*ABOUT THIS TASK*. Make an exact copy, from the records below, of the lines from the line containing "eLogger is a" to the line containing "Набор из 2-х", both lines included, excluding pictures.

*DATA*.
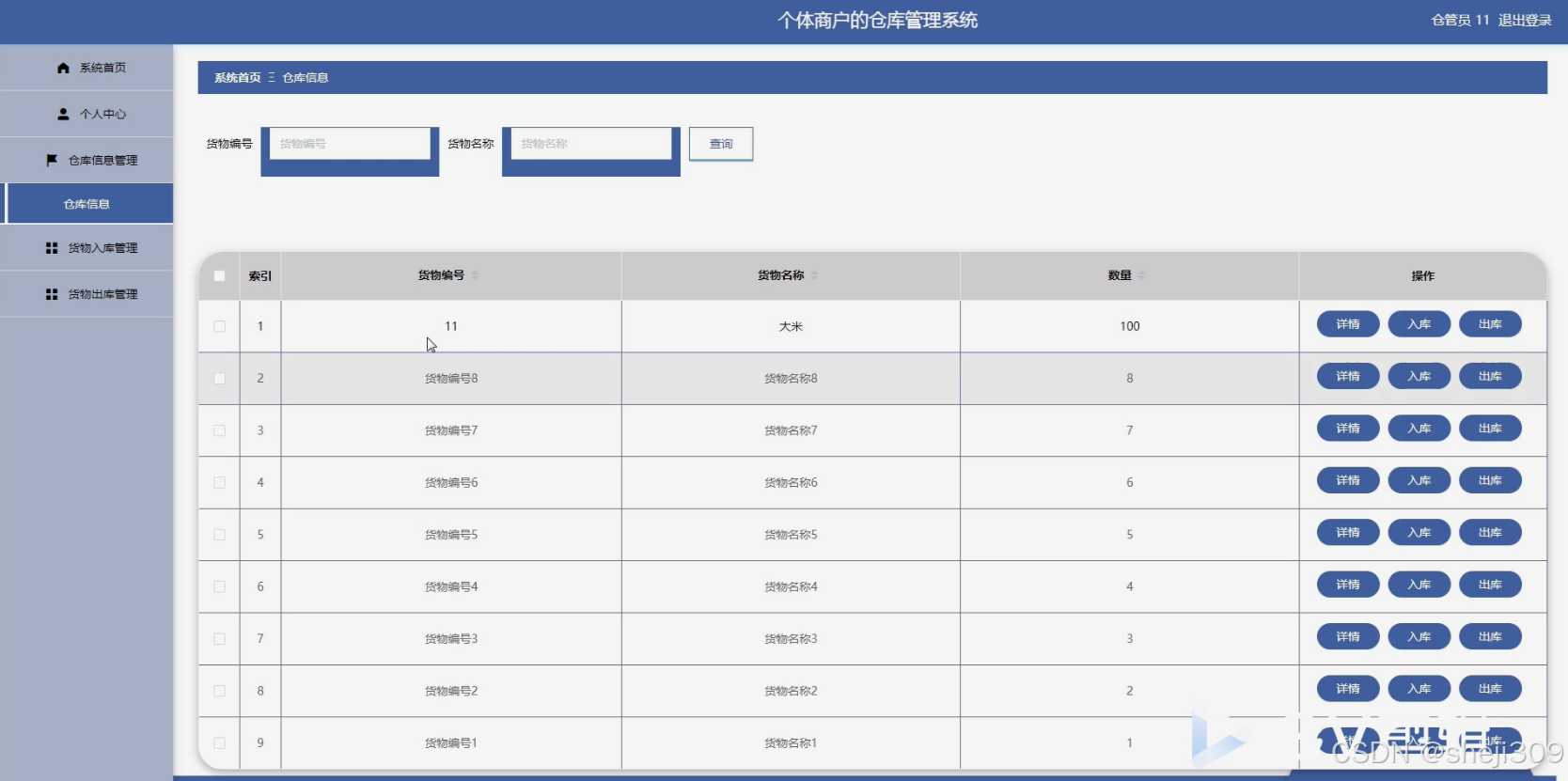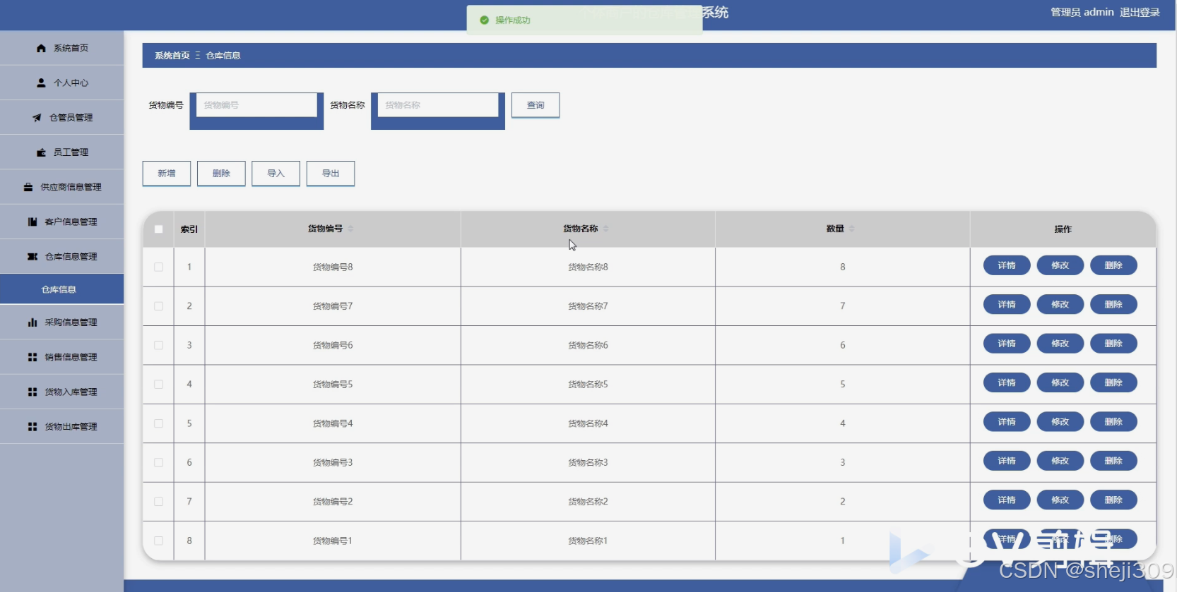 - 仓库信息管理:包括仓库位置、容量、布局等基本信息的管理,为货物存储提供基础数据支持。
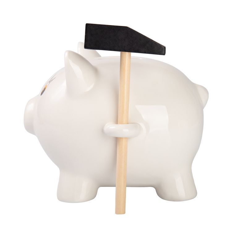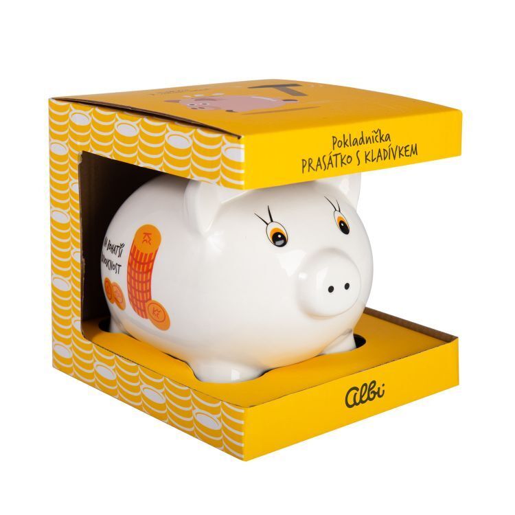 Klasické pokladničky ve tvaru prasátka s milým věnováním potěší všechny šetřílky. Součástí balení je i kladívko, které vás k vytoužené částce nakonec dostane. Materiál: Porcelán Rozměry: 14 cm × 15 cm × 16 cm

* * *

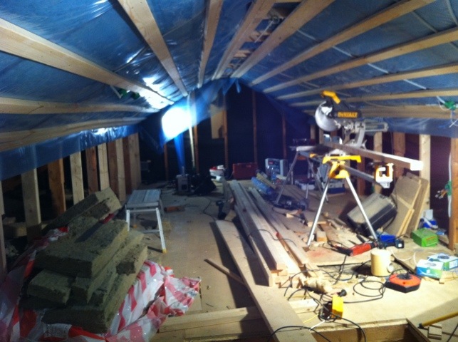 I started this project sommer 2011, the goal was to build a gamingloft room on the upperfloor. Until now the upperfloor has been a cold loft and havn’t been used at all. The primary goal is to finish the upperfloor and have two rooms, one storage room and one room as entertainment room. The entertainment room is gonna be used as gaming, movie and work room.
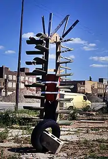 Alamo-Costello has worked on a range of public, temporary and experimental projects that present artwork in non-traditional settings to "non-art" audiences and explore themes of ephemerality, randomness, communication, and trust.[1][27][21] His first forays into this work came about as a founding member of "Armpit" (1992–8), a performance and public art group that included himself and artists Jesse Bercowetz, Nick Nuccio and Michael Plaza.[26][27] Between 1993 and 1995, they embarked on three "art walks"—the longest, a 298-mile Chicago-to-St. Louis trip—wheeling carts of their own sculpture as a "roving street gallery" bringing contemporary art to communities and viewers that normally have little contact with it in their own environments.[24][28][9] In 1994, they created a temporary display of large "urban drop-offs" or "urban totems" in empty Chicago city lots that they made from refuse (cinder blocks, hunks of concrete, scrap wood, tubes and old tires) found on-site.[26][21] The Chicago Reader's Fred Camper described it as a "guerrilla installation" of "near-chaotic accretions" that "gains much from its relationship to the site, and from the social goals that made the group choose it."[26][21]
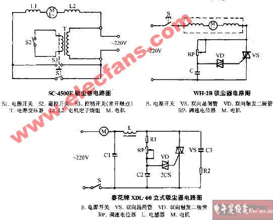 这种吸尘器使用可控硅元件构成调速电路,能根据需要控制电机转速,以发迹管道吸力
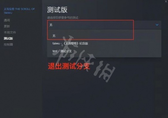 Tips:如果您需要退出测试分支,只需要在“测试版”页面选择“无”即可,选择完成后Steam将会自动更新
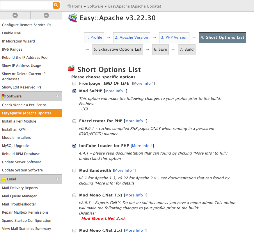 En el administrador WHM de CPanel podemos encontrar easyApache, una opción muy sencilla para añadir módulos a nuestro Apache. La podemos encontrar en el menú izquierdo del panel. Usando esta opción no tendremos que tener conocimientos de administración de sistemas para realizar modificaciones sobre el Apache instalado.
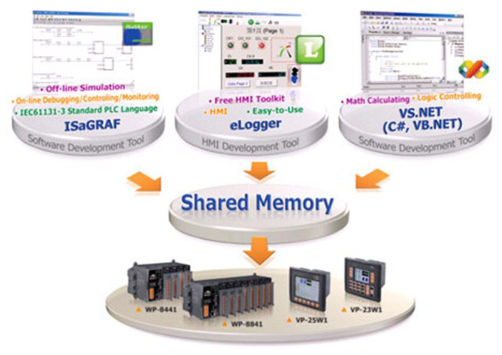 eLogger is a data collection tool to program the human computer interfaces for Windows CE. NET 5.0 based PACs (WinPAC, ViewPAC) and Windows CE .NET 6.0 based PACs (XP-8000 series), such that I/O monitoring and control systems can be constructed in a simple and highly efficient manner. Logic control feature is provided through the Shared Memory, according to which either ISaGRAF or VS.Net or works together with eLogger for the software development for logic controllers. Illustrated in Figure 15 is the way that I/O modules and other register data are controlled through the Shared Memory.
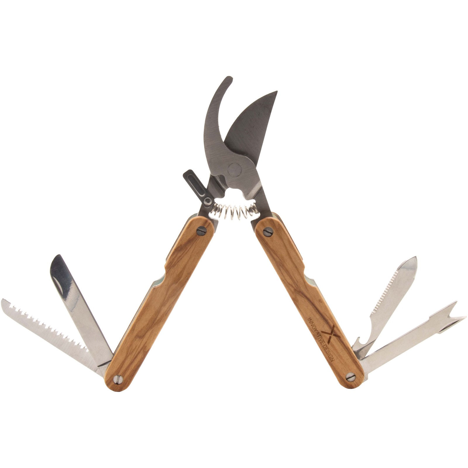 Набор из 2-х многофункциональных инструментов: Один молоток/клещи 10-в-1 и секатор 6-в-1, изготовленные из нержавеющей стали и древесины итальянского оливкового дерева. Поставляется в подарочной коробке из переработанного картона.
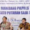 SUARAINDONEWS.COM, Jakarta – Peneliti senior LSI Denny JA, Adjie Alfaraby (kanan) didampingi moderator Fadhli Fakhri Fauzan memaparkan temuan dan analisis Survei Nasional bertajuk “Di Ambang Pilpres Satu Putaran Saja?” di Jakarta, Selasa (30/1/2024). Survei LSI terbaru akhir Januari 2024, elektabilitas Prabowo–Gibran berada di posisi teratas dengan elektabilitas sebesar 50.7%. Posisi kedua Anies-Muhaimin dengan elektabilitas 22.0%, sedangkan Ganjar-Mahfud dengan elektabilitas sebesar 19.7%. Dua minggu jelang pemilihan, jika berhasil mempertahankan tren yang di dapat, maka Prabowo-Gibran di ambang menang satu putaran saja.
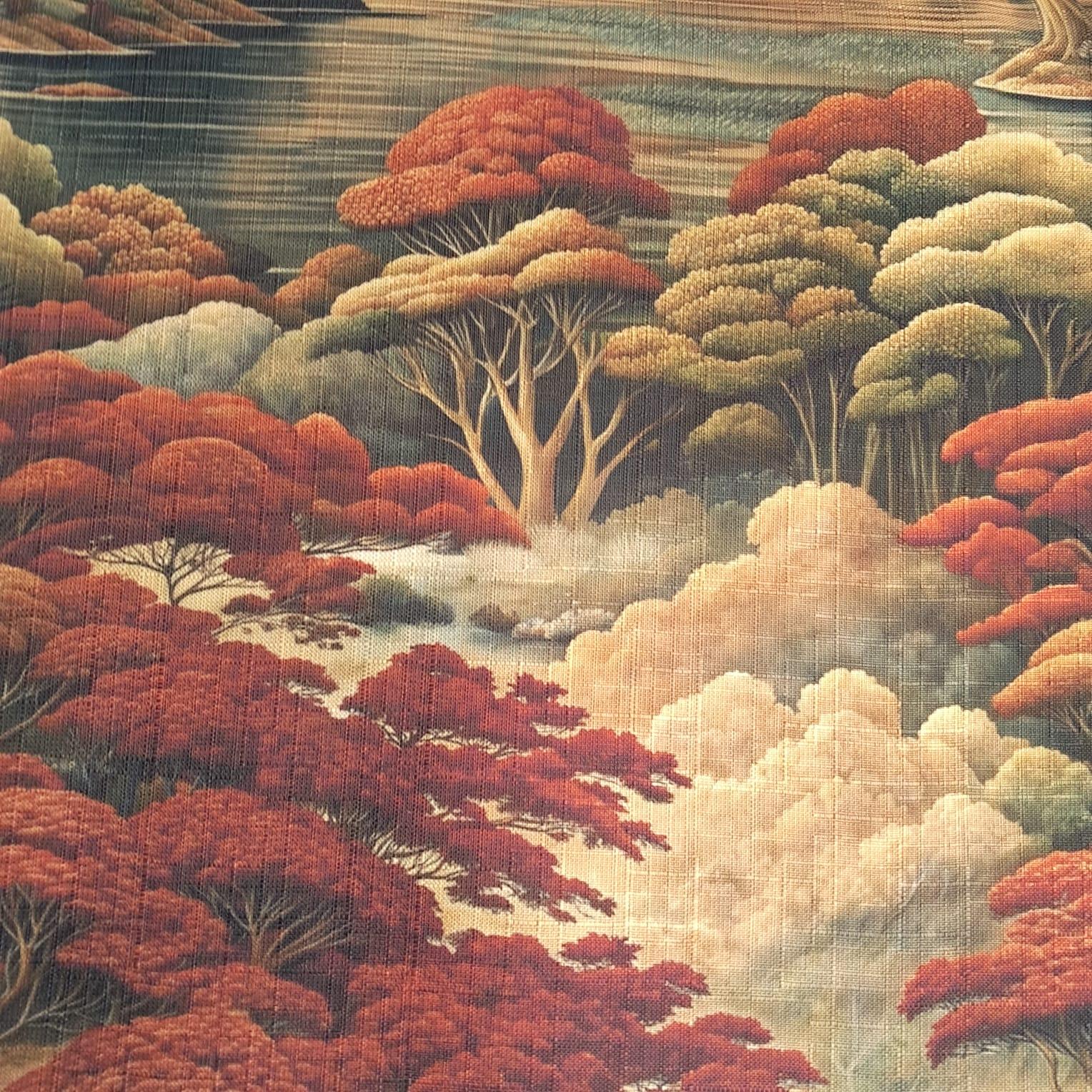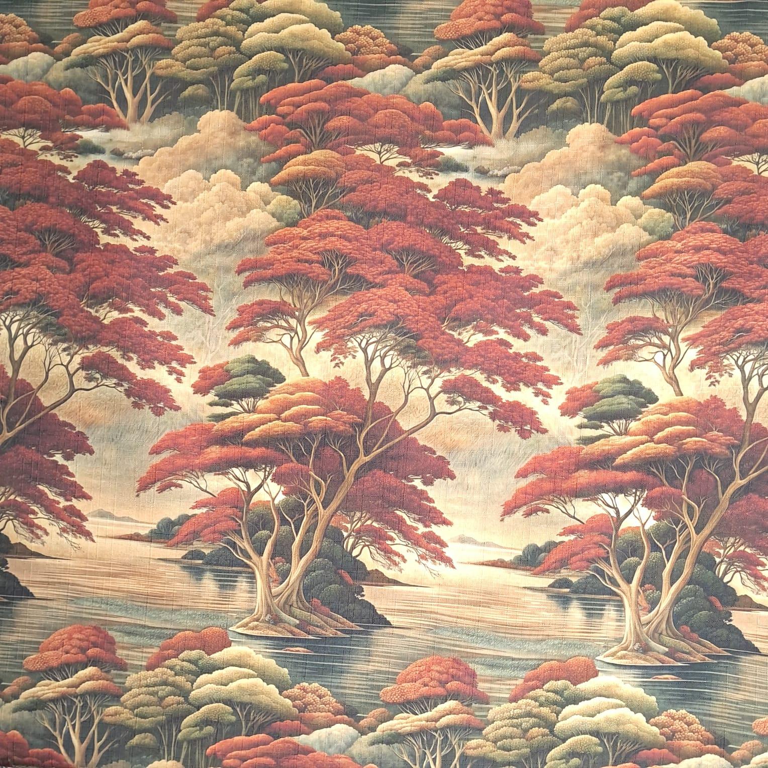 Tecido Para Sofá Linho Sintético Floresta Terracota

*EXERCISE RESPONSE*.
 eLogger is a data collection tool to program the human computer interfaces for Windows CE. NET 5.0 based PACs (WinPAC, ViewPAC) and Windows CE .NET 6.0 based PACs (XP-8000 series), such that I/O monitoring and control systems can be constructed in a simple and highly efficient manner. Logic control feature is provided through the Shared Memory, according to which either ISaGRAF or VS.Net or works together with eLogger for the software development for logic controllers. Illustrated in Figure 15 is the way that I/O modules and other register data are controlled through the Shared Memory.
 Набор из 2-х многофункциональных инструментов: Один молоток/клещи 10-в-1 и секатор 6-в-1, изготовленные из нержавеющей стали и древесины итальянского оливкового дерева. Поставляется в подарочной коробке из переработанного картона.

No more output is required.